Here, therefore, they and we were fixed.  Nothing was left to the British ministry but “to prosecute a war just and necessary,”—­a war equally just as at the time of our engaging in it,—­a war become ten times more necessary by everything which happened afterwards.  This resolution was soon, however, forgot.  It felt the heat of the season and melted away.  New hopes were entertained from supplication.  No expectations, indeed, were then formed from renewing a direct application to the French Regicides through the agent-general for the humiliation of sovereigns.  At length a step was taken in degradation which even went lower than all the rest.  Deficient in merits of our own, a mediator was to be sought,—­and we looked for that mediator at Berlin!  The King of Prussia’s merits in abandoning the general cause might have obtained for him some sort of influence in favor of those whom he had deserted; but I have never heard that his Prussian Majesty had lately discovered so marked an affection for the Court of St. James’s, or for the Court of Vienna, as to excite much hope of his interposing a very powerful mediation to deliver them from the distresses into which he had brought them.

If humiliation is the element in which we live, if it is become not only our occasional policy, but our habit, no great objection can be made to the modes in which it may be diversified,—­though I confess I cannot be charmed with the idea of our exposing our lazar sores at the door of every proud servitor of the French Republic, where the court dogs will not deign to lick them.  We had, if I am not mistaken, a minister at that court, who might try its temper, and recede and advance as he found backwardness or encouragement.  But to send a gentleman there on no other errand than this, and with no assurance whatever that he should not find, what he did find, a repulse, seems to me to go far beyond all the demands of a humiliation merely politic.  I hope it did not arise from a predilection for that mode of conduct.
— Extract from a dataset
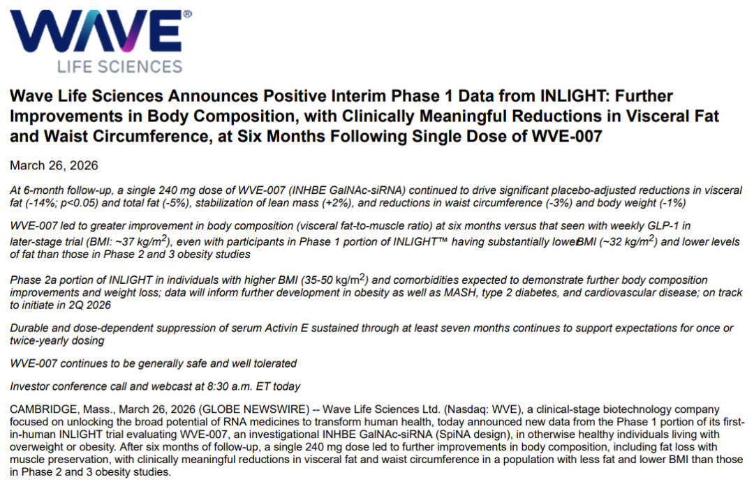 ▎Armstrong2026年3月26日,Wave Life Sciences公布INHBE siRNA新药WVE-007一期临床最新数据。240mg WVE-007单次给药3个月内脏脂肪减少7.8%,6个月减少14.3%,总脂肪分别减少5.1%、5.3%,肌肉增加2.2%、2.4%。400mg WVE-007单次给药3个月内脏脂肪减少5.0%,总脂肪减少0.7%,肌肉减少0.2%。Wave Li

The cup of bitterness was not, however, drained to the dregs.  Basle and Berlin were not sufficient.  After so many and so diversified repulses, we were resolved to make another experiment, and to try another mediator.  Among the unhappy gentlemen in whose persons royalty is insulted and degraded at the seat of plebeian pride and upstart insolence, there is a minister from Denmark at Paris.  Without any previous encouragement to that, any more than the other steps, we sent through, this turnpike to demand a passport for a person who on our part was to solicit peace in the metropolis, at the footstool of Regicide itself.  It was not to be expected that any one of those degraded beings could have influence enough to settle any part of the terms in favor of the candidates for further degradation; besides, such intervention would be a direct breach in their system, which did not permit one sovereign power to utter a word in the concerns of his equal.—­Another repulse.  We were desired to apply directly in our persons.  We submitted, and made the application.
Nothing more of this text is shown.